Expanding its partnership with Microsoft, the world’s largest chip-maker Intel on Thursday said its high-speed interconnect technology, Thunderbolt, would be available on the software giant’s Windows operating system from next year.
The move would end the exclusive availability of Thunderbolt, which was launched earlier this year and helps transfer data between different computing devices at high speed, on Apple’s Mac computers.
The plans to offer Thunderbolt on Microsoft’s Windows platform was disclosed by Intel’s Vice-President and General Manager of the PC Client Group, Mooly Eden, at the Intel Developer Forum (IDF) 2011 here today.
Computer-makers like Acer and Asus are working to make devices with Thunderbolt compatible with the Windows platform, he added.
Thunderbolt enables different high-speed storage and media capture devices to connect with each other through a single thin cable.
Speaking at IDF 2011, Mr. Eden also displayed a prototype of the Thunderbolt technology running on Microsoft’s Windows 7 operating system.
He was also joined by a Microsoft representative that showcased the latter’s latest Windows 8 operating system on an Intel-based ‘Ultrabook’ device.
Putting to rest speculation about the two long-time partners drifting apart, the two companies highlighted the broad collaboration between them and pointed to the future opportunities that Windows 8 would present across multiple computing devices such as tablets, hybrids and the in-development ‘Ultrabook’
Intel’s partnership with Google for the launch of Android smartphones powered by Intel chips and Microsoft showcasing its Windows 8 operating system on devices powered by chips from Intel’s rival, ARM Holdings, had led to such speculation earlier this week.
However, both Intel and Microsoft have downplayed the developments.

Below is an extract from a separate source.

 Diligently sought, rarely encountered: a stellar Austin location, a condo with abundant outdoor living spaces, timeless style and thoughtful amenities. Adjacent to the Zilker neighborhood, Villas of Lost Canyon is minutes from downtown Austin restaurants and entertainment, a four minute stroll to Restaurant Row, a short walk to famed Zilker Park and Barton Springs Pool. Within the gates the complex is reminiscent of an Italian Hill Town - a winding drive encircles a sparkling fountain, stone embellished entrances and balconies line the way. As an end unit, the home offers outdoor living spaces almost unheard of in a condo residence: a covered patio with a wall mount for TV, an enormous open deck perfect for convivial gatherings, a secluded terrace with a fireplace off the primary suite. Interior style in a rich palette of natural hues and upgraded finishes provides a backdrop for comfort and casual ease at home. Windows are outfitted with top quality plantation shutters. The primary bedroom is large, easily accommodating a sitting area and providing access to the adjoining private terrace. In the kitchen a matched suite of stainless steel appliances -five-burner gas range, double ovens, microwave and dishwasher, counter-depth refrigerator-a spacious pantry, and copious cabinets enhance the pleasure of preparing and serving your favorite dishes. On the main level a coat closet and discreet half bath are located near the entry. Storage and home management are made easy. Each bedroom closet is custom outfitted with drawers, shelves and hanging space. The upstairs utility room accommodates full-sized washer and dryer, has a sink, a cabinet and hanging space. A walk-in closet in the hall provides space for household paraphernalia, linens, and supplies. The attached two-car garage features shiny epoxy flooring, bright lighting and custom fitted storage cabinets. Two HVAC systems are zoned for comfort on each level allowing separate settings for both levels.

While Intel CEO Paul Otellini said he was confident of Intel having the best chips to run the Windows operating systems, Microsoft Chief Steve Ballmer also reiterated his commitment to both Intel and ARM chips.
Later, speaking to journalists, Mr. Eden said that PC manufacturers would be free to choose operating systems of their choice on the Ultrabooks and they would not be limited to Microsoft’s Windows platform.

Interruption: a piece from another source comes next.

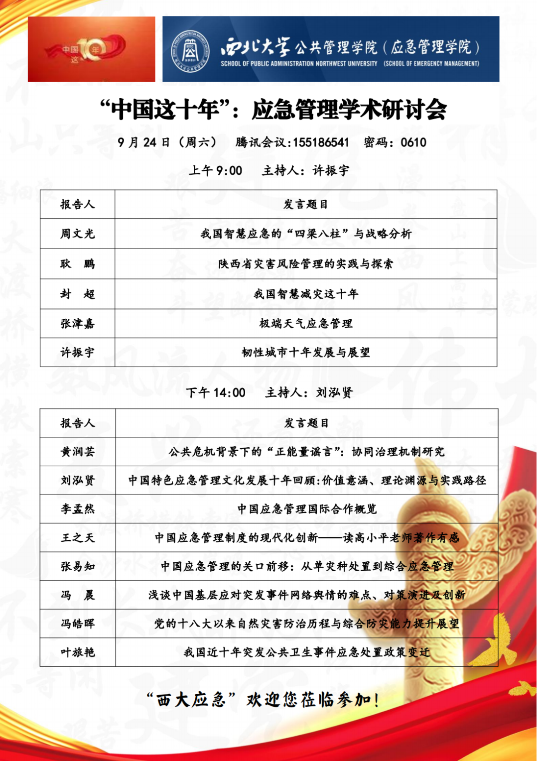 会议预告 | “中国这十年”:应急管理学术研讨会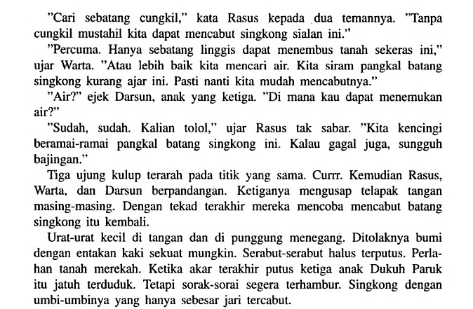 Tetapi yang utama, Ahmad Tohari piawai mendongeng bagaimana kemiskinan itu sedemikian dekat bagi pembacanya. Coba saja lihat beberapa frase di awal kisah sebagai berikut:

Asked if Ultrabooks could have Android as their operating platform and whether such a move could affect Intel’s relationship with Microsoft, Mr. Eden said, “Our cooperation with Microsoft is great. But they are free to work with any of our rivals.”
“Similarly, we (Intel) also work with different players. It finally depends on the OEMs (Original Equipment Manufacturers) to decide on the operating system,” he added.
Mr. Eden said that for the time being, Ultrabooks are being tested on the Windows platform, but OEMs can make their own choices.